Output 27.25.3 shows the model fit summary.
Output 27.25.3: Random Intercepts and Effects with Unconstrained Error Variances: Model Fit
Fit Summary | |
---|---|
Chi-Square | 11.6250 |
Chi-Square DF | 10 |
Pr > Chi-Square | 0.3109 |
The chi-square for the unconstrained model is 11.625 (df = 10, p > .10). This indicates an acceptable model fit. The chi-square difference test can also be conducted for testing the previous constrained model against this new model.

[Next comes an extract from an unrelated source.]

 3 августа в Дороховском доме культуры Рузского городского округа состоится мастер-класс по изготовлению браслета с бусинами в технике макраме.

The chi-square difference is 19.81 = 31.431 – 11.625. With df = 4, this chi-square difference value is statistically significant at =0.01, indicating a significant improvement of model fit by using the unconstrained model.

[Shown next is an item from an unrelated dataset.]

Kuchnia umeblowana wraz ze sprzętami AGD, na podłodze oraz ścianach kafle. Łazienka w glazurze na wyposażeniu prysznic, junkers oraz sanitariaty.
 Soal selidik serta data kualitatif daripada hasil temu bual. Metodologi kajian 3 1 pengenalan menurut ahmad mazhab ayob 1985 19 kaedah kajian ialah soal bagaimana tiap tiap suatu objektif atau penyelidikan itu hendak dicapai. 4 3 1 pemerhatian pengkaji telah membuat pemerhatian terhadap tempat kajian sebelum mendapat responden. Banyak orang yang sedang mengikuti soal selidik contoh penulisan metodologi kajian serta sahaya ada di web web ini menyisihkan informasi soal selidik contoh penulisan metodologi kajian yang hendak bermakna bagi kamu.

Output 27.25.4 shows the estimation results.
Output 27.25.4: Estimation of Random Intercepts and Effects with Unconstrained Error Variances
Estimates for Variances of Exogenous Variables | ||||
---|---|---|---|---|
Variable Type |
Variable | Estimate | Standard Error |
t Value |
Latent | f_alpha | 14.70071 | 5.66943 | 2.59298 |
f_beta | 0.45059 | 0.29867 | 1.50867 | |
Error | e1 | 2.81712 | 1.35332 | 2.08164 |
e2 | 0.32213 | 0.46118 | 0.69848 | |
e3 | 1.94429 | 0.86824 | 2.23935 | |
e4 | 1.88569 | 1.21306 | 1.55448 | |
e5 | 14.65193 | 5.99354 | 2.44462 |
Covariances Among Exogenous Variables | ||||
---|---|---|---|---|
Var1 | Var2 | Estimate | Standard Error |
t Value |
f_alpha | f_beta | 0.35291 | 0.90366 | 0.39054 |
Mean Parameters | ||||
---|---|---|---|---|
Variable Type |
Variable | Estimate | Standard Error |
t Value |
Latent | f_alpha | 14.03046 | 1.01534 | 13.81851 |
f_beta | 3.96793 | 0.22612 | 17.54781 |
The estimation results for the unconstrained model present a slightly different picture than the constrained model. While the estimates for the means and variances of the random intercept and the random training effect look similar in both models, estimates of the covariance between the random intercept and the random training effect are quite different in the two models. The covariance estimate is negative (–0.353) in the constrained model, but it is positive (0.353) in the unconstrained model. However, because the covariance estimates are not statistically significant in both models (t = –0.310 and 0.391, respectively), you wonder whether the current data are showing strong evidence that supports one way or another. To get a clearer picture, perhaps you need to collect more data and fit the models again to examine the significance of the covariance between the random intercept and slope.